At least half the people hired by Samasource are women, the company says.
“Leila had a vision about bringing the dignity of work and the promise of a living wage to the world’s most vulnerable,” Kennedy Odede, the founder and chief executive of Shining Hope for Communities, a grass-roots organization in Kenya that has worked with Samasource, said by email. Through her work, he added, “young people began to see different possibilities for their futures.” Samasource’s employees have worked under contracts with companies including Microsoft, Google, Facebook, Walmart, Getty Images, Glassdoor and Vulcan Capital, a holding company formed by Paul G. Allen, a founder of Microsoft.

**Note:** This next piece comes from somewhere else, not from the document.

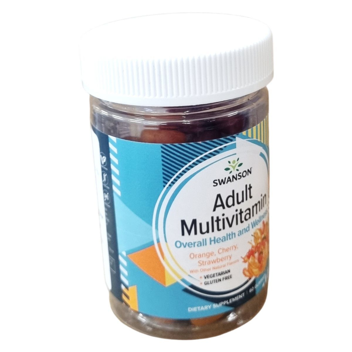 A Swanson Adult Multivitamin Overall Health and Wellness gumivitamin egy felnőttek számára készült étrend-kiegészítő, amely 60 darab finom gumivitamint tartalmaz narancs, cseresznye és eper ízesítéssel, valamint egyéb természetes aromákkal. A termék különféle vitaminokat, mint például A-, C-, D-, E- és B-vitaminokat, valamint niacinamidot, folsavat, biotint, pantoténsavat, nátriumot és inozitolt tartalmaz. A készítmény vegetáriánus étrendbe illeszthető, valamint gluténmentes, így különböző táplálkozási igényekhez igazodik. Egy gumivitamin energia- és tápérték adata nincs megadva. A termék összetevői között megtalálhatóak a természetes gyümölcsaromák, növényi olaj és természetes színezékek, így ízletes és színes formában egészítheti ki a napi vitaminbevitelt. A terméket kizárólag a javasolt adagolás szerint szabad fogyasztani, és nem helyettesíti a változatos étrendet és az egészséges életmódot. Tárolása során száraz, hűvös helyet kell biztosítani, és gyermekek elől elzárva tartandó. A készítményt az USA-ban gyártják, forgalmazza a Creams of Norway Kft., OGYÉI notifikációval rendelkezik.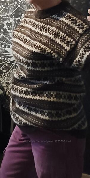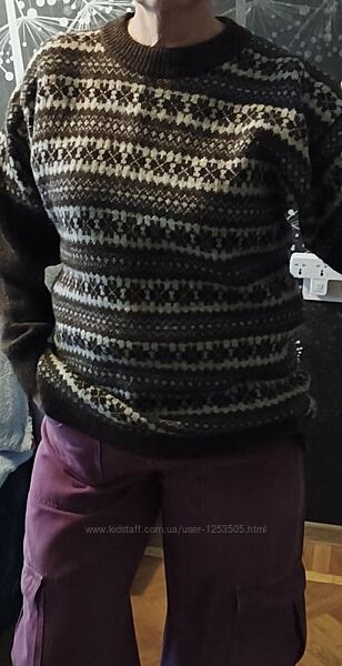 Данные свитера производятся общиной гражданского прихода в английском графстве Норфолк. Весь процесс, от разведения овец элитной породы до выпуска готовой продукции - плоды труда жителей прихода. Цены подобных свитеров от 200 до 500 фунтов!Шикарнейший , очень теплый и красивый свитер из 100% шерсти, с характерным джаккардовым узором, винтаж.

The company has helped an estimated 50,000 people — 11,000 workers and their dependents — and regularly evaluates whether it is meeting living-wage requirements, Wendy Gonzalez, Samasource’s interim chief executive, said in a phone interview.
Another venture developed by Ms. Janah is LXMI, a luxury cosmetics line that has the same mission as Samasource: to hire marginalized people and give them a decent wage. Begun in 2015, it employs hundreds of poor women along the Nile River Valley, largely in Uganda, to harvest Nilotica nuts and turn them into a butter that is exported to the United States for use in the production of its skin-care products. More people have been hired in other African countries and in India to harvest other ingredients.
The idea for LXMI came to Ms. Janah during a visit to Benin, in West Africa, where she saw local people growing shea nuts, from which a butter is extracted, in their yards.
“I said, ‘Let’s build an export industry but only for poor women,’” she told Fast Company magazine in 2016. “We can solve poverty while also making our skin better.”